© 2003 Robert A. Freitas Jr. All Rights Reserved.

Robert A. Freitas Jr., Nanomedicine, Volume IIA: Biocompatibility, Landes Bioscience, Georgetown, TX, 2003

15.2.4 General and Nonspecific Inflammation

Inflammation [1837] is a nonspecific physiological response to various forms of tissue damage including trauma (Chapter 24), infection (Chapter 23), intrusion of foreign material (Section 15.4.3.5, Chapter 24), local cell death (Section 10.4.1.1), or as an adjunct to immune system (Section 15.2.3.3), tissue remodeling (Chapter 24), or neoplastic responses [234]. If vascular tissue has also been disrupted, then the complex process of blood coagulation (Section 15.2.5) may be superimposed on the inflammatory response, and if an infection is involved, the complement system (Section 15.2.3.2) may be activated.

The four classical clinical signs of inflammation, first reported by the ancient Roman medical writer Cornelius Celsus (Section 1.2.3.1), are redness (rubor), swelling (tumor), pain (dolor), and heat (calor). The magnitude of these initial events is related to the intensity and extent of the inflammatory stimulus, with cells involved in the inflammatory response (Section 15.4.3.1) producing more than 100 chemical mediators.

Redness or erythema reflects a higher local concentration of red blood cells in the vicinity of the inflammatory stimulus [234]. This occurs because the first responses to such stimuli are (1) a rapid vasodilation of local capillaries (changing their local aspect ratio, leading to an increase in blood entry into the capillary beds), (2) an increase in the permeability of vascular endothelial cell linings (causing a loss of plasma through the capillary walls), and (3) a tendency for platelets and erythrocytes to become “sticky” (leading to slower flow and sludging). Vasodilation arises from the activation of Hageman factor (coagulation factor XII; Section 15.2.5) through contact with collagen or foreign proteins [234], biomedical polymers [1838], or with glass [1839], kaolin particles [1857], or certain other insoluble negatively charged surfaces [1840-1845]. The intermediate contact activation of kallikrein, a polypeptide, leads to conversion of a group of additional molecules to kinins [1846]. Kinins are a group of strong vasoactive mediators that can affect blood pressure (e.g., induce hypotension), elevate blood flow throughout the body, increase the permeability of small blood capillaries, and stimulate pain receptors (see below).

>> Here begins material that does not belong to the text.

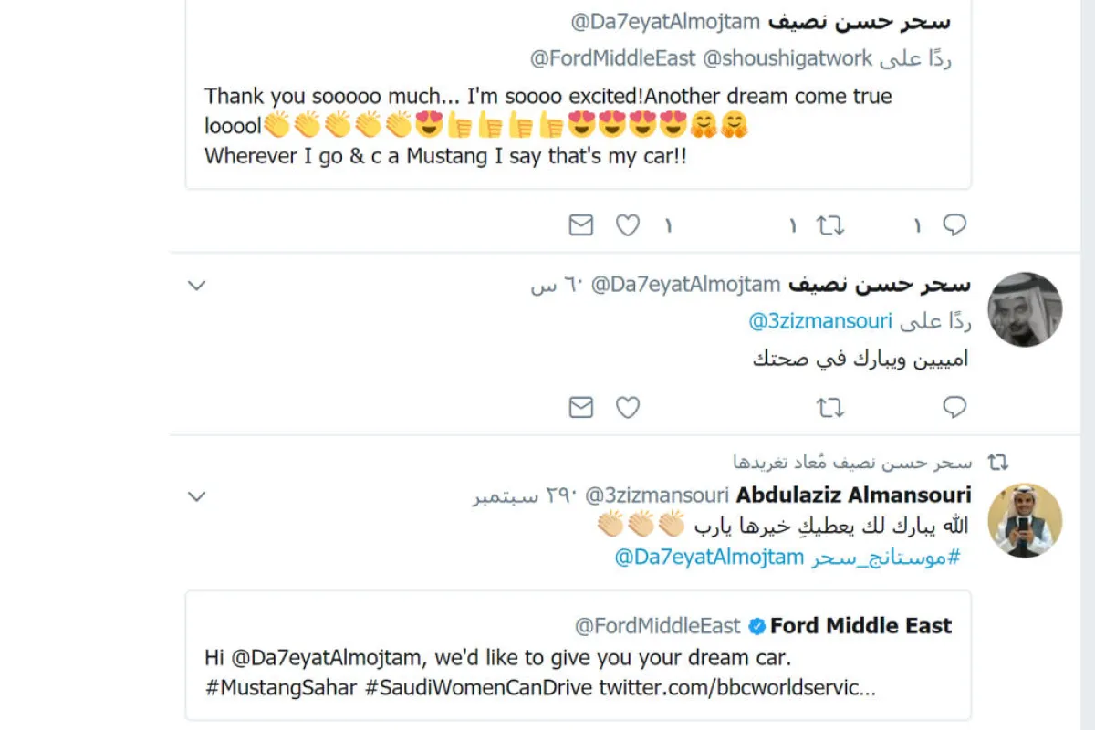 وفي التفاصيل، كشف الحساب الرسمي لشركة "فورد ميدل إيست" في "تويتر" عن مفاجأة سارة للناشطة السعودية سحر ناصيف، حيث أعلنت "فورد" عن تحقيق حلمها بإهدائها سيارة "موستنج". وأرفقت الشركة التغريدة بمقتطفات من تصريحات الناشطة السعودية لـ "BBC" وهي تعبر عن فرحتها بالأمر السامي بالسماح للمرأة بقيادة السيارة داخل السعودية، وأنها تحلم بعد هذا القرار بامتلاك سيارة من طراز موستنج.
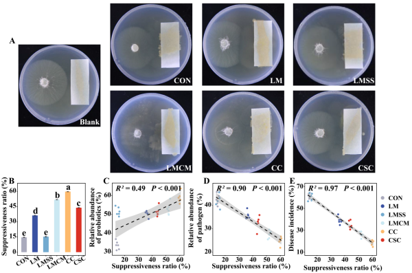 基于海倫水土保持監(jiān)測(cè)研究站的田間定位試驗(yàn)平臺(tái),設(shè)置了對(duì)照(CON)、石灰(LM)、石灰秸稈配施(LMSS)、石灰牛糞配施(LMCM)、2%粗甲殼素(CC)及硅鈣鉀鎂肥(CSC)6種改良處理,系統(tǒng)評(píng)估了其對(duì)土壤性質(zhì)、微生物群落、大豆根腐病發(fā)病率及產(chǎn)量的影響。結(jié)果顯示,改良劑能有效降低大豆根腐病發(fā)病率和提高大豆產(chǎn)量,其中CC抑病和增產(chǎn)效果最大,根腐病發(fā)病率降低70%,產(chǎn)量提高30%以上。土壤改良劑顯著富集了具有抑病和促生功能的潛在有益物種,如Pantoea、Bacillus、Humicola、 Tausonia和Mortierella,同時(shí)減少了潛在病原菌(圖1)。體外共培養(yǎng)實(shí)驗(yàn)進(jìn)一步驗(yàn)證,改良土壤的根際細(xì)菌懸液明顯抑制了病原菌菌絲的生長(zhǎng),且該抑病能力與富集的有益菌豐度呈顯著正相關(guān)(圖2)。土壤改良劑,特別是CC處理誘導(dǎo)了最高的微生物抗性,證實(shí)改良劑能夠通過(guò)誘導(dǎo)健康的微生物區(qū)系來(lái)緩解連作障礙(圖3)。本研究明確了“改良劑-微生物抗性-病害抑制-產(chǎn)量提升”的級(jí)聯(lián)調(diào)控路徑,為維持土壤健康和促進(jìn)作物生產(chǎn)提供了理論依據(jù)。

Swelling or edema (see also Section 15.5.2.2) occurs in the vicinity of the inflammatory stimulus because the increased permeability of the capillary endothelium allows fluid to move into the surrounding tissue bed [234]. Normally the endothelium is tight, permitting only a slow flow of water and small molecules into the surrounding tissues that is drained by local lymphatic vessels (Section 8.2.1.3). This slow flow maintains a constant tissue volume and a 10-15 mmHg pressure differential between the arteriole ends of capillaries and the external tissue bed [234]. With increased vascular permeability, water and molecules such as plasma proteins and locally activated kinins enter tissues, causing them to distend or swell unless promptly balanced by increased lymphatic drainage.* However, local lymphatics may be constricted or blocked by the original trauma, or occluded by cell fragments or nanorobots (Section 15.5.2.2), or hydraulically compressed, and the elevated concentration of plasma proteins raises local osmotic pressure, tending to hold the fluid in place. In extreme cases, a fluid movement is blocked leading to the so-called “compartment syndrome” [5493] (sometimes related to anatomic barriers such as fascial planes [5494]) which, if not promptly relieved, results in cell death and tissue necrosis [234].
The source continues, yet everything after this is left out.